Guan-Jun Yang

Development of Particle Interface Bonding in Thermal Spray Coatings: A Review

Thermal spray ceramic coatings deposited following the conventional routine exhibit a typical lamellar structure with a limited interface bonding ratio. The bonding between particles in the coating dominates coating properties and performance. In this review paper, the bonding formation at the interface between thin lamellae in the coating is examined. The effect of spray parameters on the bonding ratio is presented to reveal the main droplet parameters controlling bonding formation, which reveals that the temperature of the spray particle rather than its velocity dominates the bonding formation. The limitation to increase significantly the ceramic particle temperature inherent to the thermal spray process leads to the observation of a maximum bonding ratio of about 32%, while through controlling the surface temperature of the coating prior to molten droplet impact, the bonding at the lamellar interface can be significantly increased.
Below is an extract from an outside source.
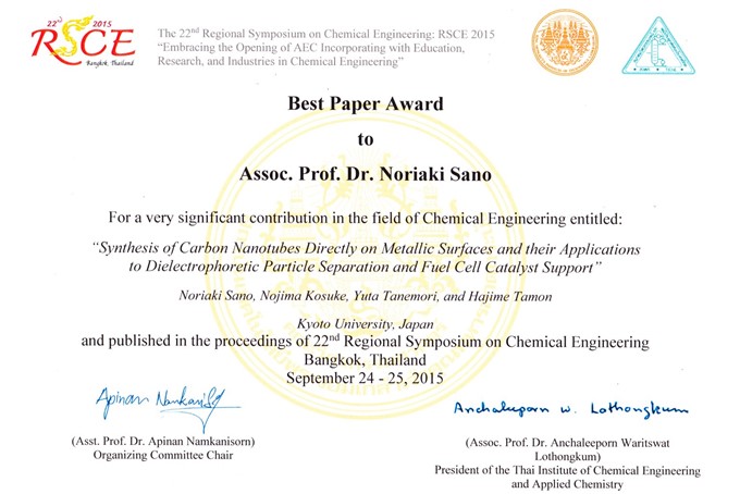 タイのバンコクで開催された第22回Regional Symposium on Chemical Engineering (RSCE 2015, 2015年9月24~25日、バンコク)において、9月25日、佐野紀彰准教授らがBest Paper賞を受賞しました。

Consequently, it is shown that with the proper selection of deposition conditions and control of the deposition temperature, the bonding ratio of ceramic deposits can be altered from a maximum of 32% for a conventional deposit to a maximum of 100%. Such wide adjustability of the lamellar bonding opens new possibilities for using thermal spray coatings in various applications requiring different microstructures and properties. The examination of recent studies shows that the bonding control makes it possible to fabricate porous deposits through surface-molten particles. Such an approach could be applied for the fabrication of porous materials, the deposition of high temperature abradable ceramic coatings, and for forming functional structured surfaces, such as a surface with super-hydrophobicity or a solid oxide fuel cell cathode interface with high specific surface area and high catalytic performance. Furthermore, complete interface bonding leads to crystalline structure control of individual splats through epitaxial grain growth.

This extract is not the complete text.